Exercise description =
Below are some records. Return exactly the lines from the one containing "南広場のイチョウ。10年くら" through the one containing "Kartka pocztowa od", both included, and only those.

Extracted records =
——

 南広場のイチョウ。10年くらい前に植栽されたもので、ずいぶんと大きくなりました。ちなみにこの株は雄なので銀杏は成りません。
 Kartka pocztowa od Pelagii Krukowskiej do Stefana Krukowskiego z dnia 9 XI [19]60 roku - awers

——

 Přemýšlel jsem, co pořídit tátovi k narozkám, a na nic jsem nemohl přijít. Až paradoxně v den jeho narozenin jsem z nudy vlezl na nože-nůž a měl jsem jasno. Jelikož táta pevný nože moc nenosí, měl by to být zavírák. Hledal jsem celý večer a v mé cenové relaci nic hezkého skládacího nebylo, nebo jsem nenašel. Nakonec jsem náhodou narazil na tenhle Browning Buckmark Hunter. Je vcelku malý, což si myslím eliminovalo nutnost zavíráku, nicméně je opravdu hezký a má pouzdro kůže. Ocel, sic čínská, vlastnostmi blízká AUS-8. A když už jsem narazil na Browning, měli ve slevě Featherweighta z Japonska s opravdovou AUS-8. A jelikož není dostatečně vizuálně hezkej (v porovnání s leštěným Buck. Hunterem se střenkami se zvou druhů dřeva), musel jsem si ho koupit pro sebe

——

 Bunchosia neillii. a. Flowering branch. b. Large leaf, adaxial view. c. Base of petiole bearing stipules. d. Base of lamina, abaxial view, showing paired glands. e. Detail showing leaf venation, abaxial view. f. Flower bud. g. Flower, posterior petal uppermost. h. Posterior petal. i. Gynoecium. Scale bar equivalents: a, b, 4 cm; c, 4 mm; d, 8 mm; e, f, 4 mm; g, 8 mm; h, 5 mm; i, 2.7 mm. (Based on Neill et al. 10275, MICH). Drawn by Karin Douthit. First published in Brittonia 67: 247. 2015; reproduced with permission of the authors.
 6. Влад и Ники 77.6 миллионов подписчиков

——

The answer =
 南広場のイチョウ。10年くらい前に植栽されたもので、ずいぶんと大きくなりました。ちなみにこの株は雄なので銀杏は成りません。
 Kartka pocztowa od Pelagii Krukowskiej do Stefana Krukowskiego z dnia 9 XI [19]60 roku - awers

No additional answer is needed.